FOREWORD

THERE WERE SIX OF THEM, FIVE YOUNG MEN AND ONE woman, dressed in brand-new desert camo and pristine combat boots, posing for a cell-phone photo at the terminal gate. They were the sort of soldiers you see everywhere in American airports these days: Guys with Oakley shades perched atop freshly shaved heads, women with hair tucked inside their caps, moving purposefully and a little furtively, separate from everyone else.

Their expressions seemed both confident and a little edgy. No one knows what the future holds, but it is seldom as obvious or meaningful as when a person sets off for armed conflict. From that moment on, anything can happen. The soldiers were documenting a true departure, the beginning of a very personal and potentially fatal group experiment: This is us leaving Atlanta, leaving the known world behind.

The scene has been repeated, in various incarnations, for as long as people have been going off to war. It would have been much the same for Romulus Tolbert, a soldier I was trailing, nearly a century and a half after the fact. In the fall of 1863, Tolbert was waiting with his fellow soldiers in the Indianapolis train station, in his own crisp uniform and unsullied boots, preparing to ship off to the American Civil War. He was about to step across a similar threshold, and he faced the same basic question: Will I make it back? He had no way of knowing how bad things would get, which was probably just as well.

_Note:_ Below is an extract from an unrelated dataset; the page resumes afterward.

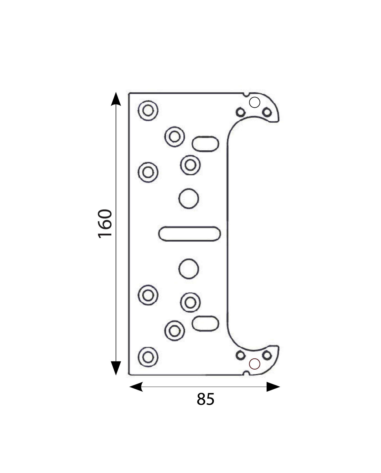 Nastavitelná montážní podložka k závěsu K5080 má rozměry 85 mm x 160 mm.

I came across Tolbert’s story while researching a comparatively obscure historical episode that had made the local news two decades before, when a farmer and a Memphis lawyer reported finding what they believed to be the remains of a steamboat known as the Sultana buried beneath an Arkansas soybean field. The Sultana saga was by then largely forgotten, despite its epic proportions and the fact that it branched off into a network of intriguing subplots, one of which concerned Tolbert. The interwoven stories of the Sultana disaster have a lot to say about human survival, and they are particularly attractive to those of us eating frozen yogurt in Concourse E. They show us what a full onslaught is like, with everything the Fates can throw at you.

The Sultana disaster was remarkable primarily for its magnitude. More than seventeen hundred people died after the grossly overloaded boat exploded, burned, and sank in the flooded Mississippi River at the end of the Civil War, making it the worst maritime disaster in American history. It also represented the climax of a series of momentous trials for most of those aboard, including Tolbert, his friend John Maddox, and, among the more than two thousand recently released Union prisoners of war, two others from the same region of Indiana, J. Walter Elliott and Perry Summerville. Aside from Tolbert and Maddox, these four men had not crossed paths before the war.

Looking back now, when their lives can be considered of a piece, it is clear that they and most of the other Sultana survivors were capable of enduring almost anything, and for an extended period of time. The bar was continually being raised. At each level they watched stronger, smarter, and seemingly luckier people disappear from the frame. It would have been nice if they could have known that the bullets piercing the air at Chickamauga would not find them, that the diseases they suffered in prison would eventually abate, and that they could wake up on a burning boat on a flooded river and somehow make it to shore, but they could not know what the future held, nor how much they could survive. Only in looking back can the results of their experiment be known.

Survival is not an achievement. It is a process, and it is impossible to know, at any given moment, where you are in that process. The soldiers in the Atlanta airport could (or might) have been embarking on an uneventful tour, a dramatic sidebar of the war in Iraq or Afghanistan, set to an iPod soundtrack of Drowning Pool and Ludacris songs, or they might have been on their way to getting their throats slit, live on a streaming Internet video, and it would have been much the same for the soldiers aboard the Sultana. Even before they boarded the boat, Tolbert and most of the other recently paroled prisoners had burned through their reserves of physical, mental, and emotional calories in what was essentially a phased experiment in human survival, the results of which would not be revealed for decades, until the last of them lay on their deathbeds as old men. By the time the Sultana went down, they had endured pretty much everything the world can throw at you: Violence, deprivation, sickness, humiliation, loss of friends and brothers, betrayal by their own country and in some cases their own countrymen. All that was left was the specter of a sudden and complete disaster, and soon that came, too. At no point did they know the logarithm of their survival. The dangers were diffuse. Even after the disaster, they knew only that a crowning blow had been delivered at the precise moment when they had every reason to believe they had left their troubles behind. Under the circumstances, their survival must have come as something of a surprise, and even after they made it to shore, it would have been hard to breathe a sigh of relief.

A body and brain under extreme duress go through all sorts of chemical transformations, which influence how a person responds and, to varying degrees, what happens next. Faced with a mortal threat, an otherwise normal life can become so magnified, so pixilated that it may be hard to remember what it was like before or to imagine how it will be afterward, to even clearly recall that day in the Atlanta airport or in the Indianapolis train station when your boots were untainted by mud and blood, and when survival was just an idea for the very last time.